I’ve finally stepped over. I’ve ordered a new 13″ shiny white macbook. Extra RAM too (2GB), to try and future-proof it as much as possible, since I’m not getting anything else for a long time. This will of course be my new laptop notebook. It’s kind of weird, moving to a completely new system.
Traditionally, I’ve been a computer nerd. I still am. My current laptop is an IBM Thinkpad T23, running (of all things) gentoo linux. That’s quite different from the supposed paragon of GUI glory that is OS X. I’ve been used to setting up things from the most fundamental level of kernel hacking and command line manipulation, configuring pretty much everything to the way I wanted it (or at least the bare level of functionality that I could cope with without spending 17 more days leafing through manuals). Now everything, I’m told, “just works”. Hmmm.
There’s a great set of penny arcade comics about slowly growing to love the mac (be warned about the links, ye of faint constitutions. The content/language/world view/existence of the series is a little… florid). I feel a little the same. In two weeks time, I will have progressed from declaring my hatred of mac systems (prompted largely by the fiendish filemaker database CBS used for many years) to owning two ipods and a macbook. Oh well. Three cheers for hypocrisy.
The main reasons for the switch were essentially the apps I use. I tend to use my computer to manipulate and muck around with images and audio, and for college.

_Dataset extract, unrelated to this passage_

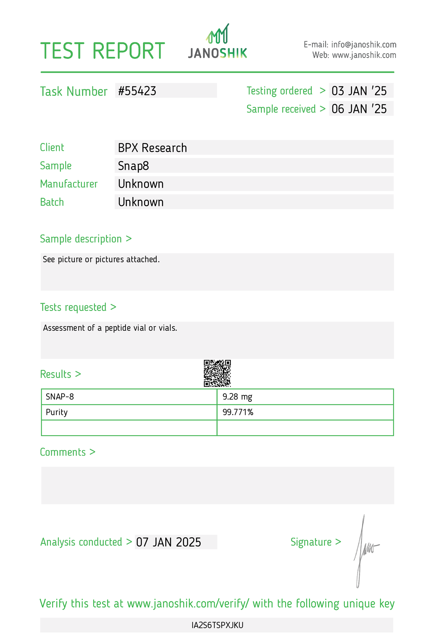 At biopeptideX, we take the quality of our products very seriously. Our latest test report showcases the exceptional purity of our product, with an impressive 99% purity and the perfect amount as advertised. This demonstrates our unwavering commitment to providing only the highest quality peptides to our customers.

I’ve currently got the GIMP under both Windows and Linux for all my image editing needs, and it’s available for Mac too, under X11. If Kristy keeps doing advertising stuff for her work and church, and Adobe keep their student discount for CS3, we might get that down the track. At the moment that’s $500 we don’t need to spend though.
The other main thing is that I’m going to get Accordance for my studies. Whatever I did, in order to get powerful bible software I would have had to change my setup, either to Windows or Mac. I like the power available in Accordance, and the breadth of Bibleworks (which apparently is one of its major strengths - you can get a much wider variety of modules for it) doesn’t effect me now anyway, as I’m only concerned with English, Greek and Hebrew.
So it’s coming in just under 2 weeks. We get a (almost) free ipod with it, thanks to an educational rebate. Kristy is happy. When that happens, I’ll probably set up the laptop as a windows machine for Kristy to use when she’s teaching, and make our desktop into a linux server to keep music and image data on. I’m thinking ubuntu… I’d like to try it. But that will be a story for another day (when I get sick of playing with my shiny new mac).